*TASK DESCRIPTION*
Please give every record below again exactly, and keep the pictures out.

*EXCERPTED DATA*
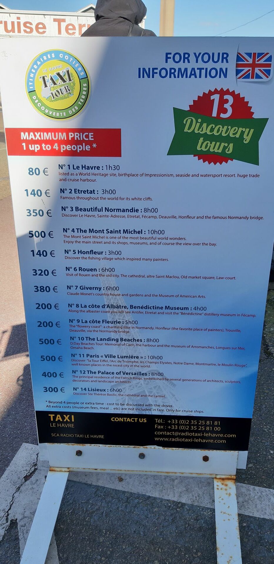Weiß jemand, wieviel ein Taxitransfer nach Honfleur ungefähr kostet? Es scheinen ja einige Taxen am Terminal bereitzustehen.
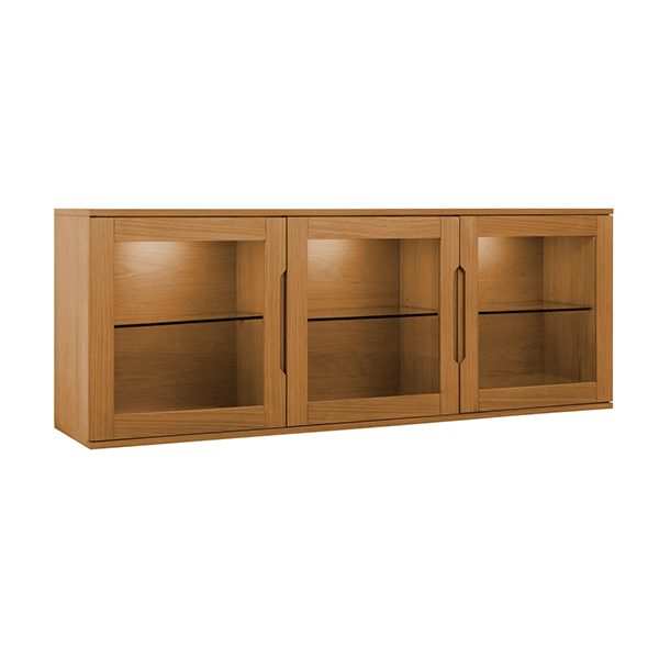 Kerteminde væghængt vitrineskab med 3 sektioner er en elegant og funktionel opbevaringsløsning, der kombinerer egetræsfiner, MDF og massivt træ i et harmonisk design. Den naturlige oliefinish fremhæver træets struktur og giver skabet et varmt og indbydende udtryk.
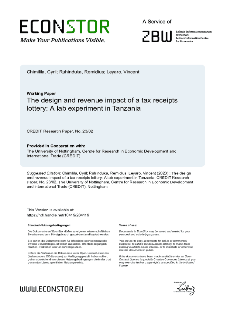 Get the free The design and revenue impact of a tax receipts lottery. Economics
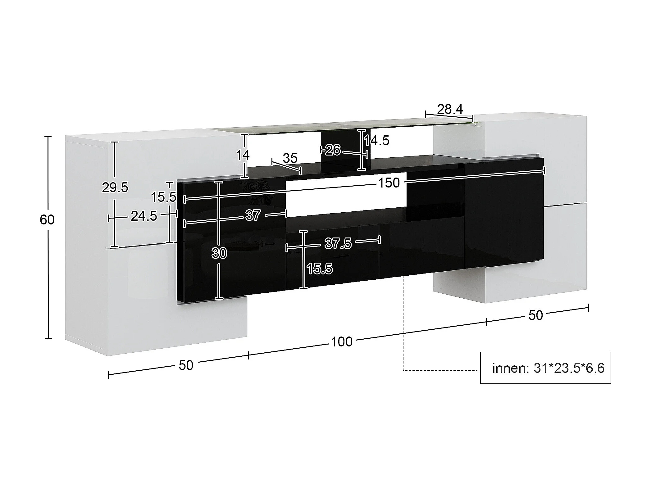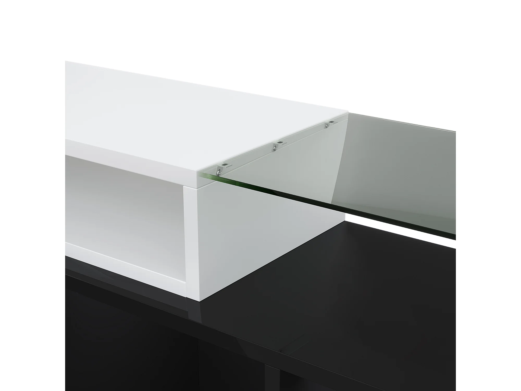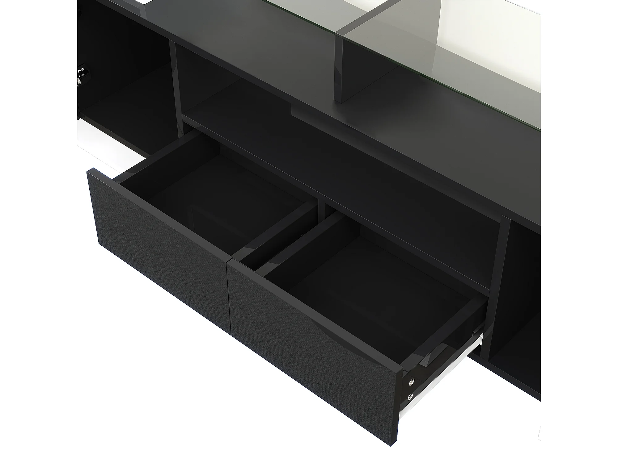 TV-meubel met LED-verlichting, 6 deuren en 2 lades - Wit en zwart gelakte afwerking
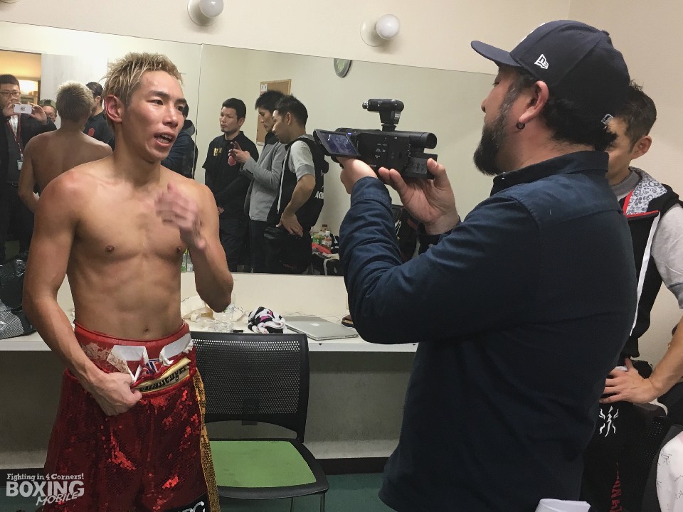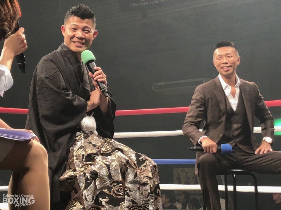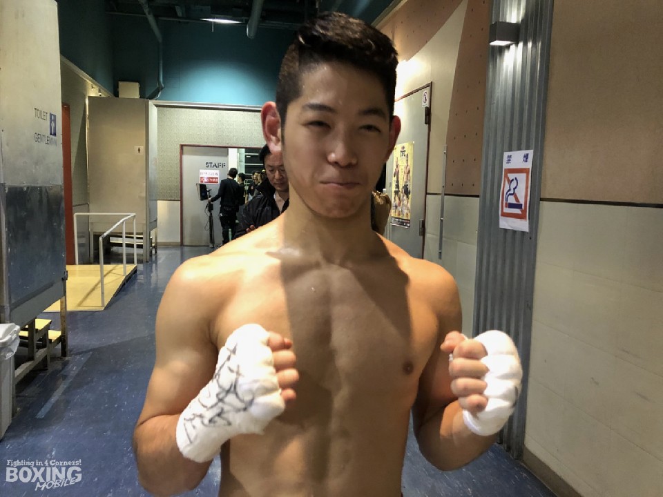 一方、青コーナーからリングインした木元紳之輔(ワタナベ)は試合後、「(パンチが)硬くて痛かったです。相当パンチが強いですね」と京之介の印象を語った。

*WORKED SOLUTION*
Weiß jemand, wieviel ein Taxitransfer nach Honfleur ungefähr kostet? Es scheinen ja einige Taxen am Terminal bereitzustehen.
 Kerteminde væghængt vitrineskab med 3 sektioner er en elegant og funktionel opbevaringsløsning, der kombinerer egetræsfiner, MDF og massivt træ i et harmonisk design. Den naturlige oliefinish fremhæver træets struktur og giver skabet et varmt og indbydende udtryk.
 Get the free The design and revenue impact of a tax receipts lottery. Economics
 TV-meubel met LED-verlichting, 6 deuren en 2 lades - Wit en zwart gelakte afwerking
 一方、青コーナーからリングインした木元紳之輔(ワタナベ)は試合後、「(パンチが)硬くて痛かったです。相当パンチが強いですね」と京之介の印象を語った。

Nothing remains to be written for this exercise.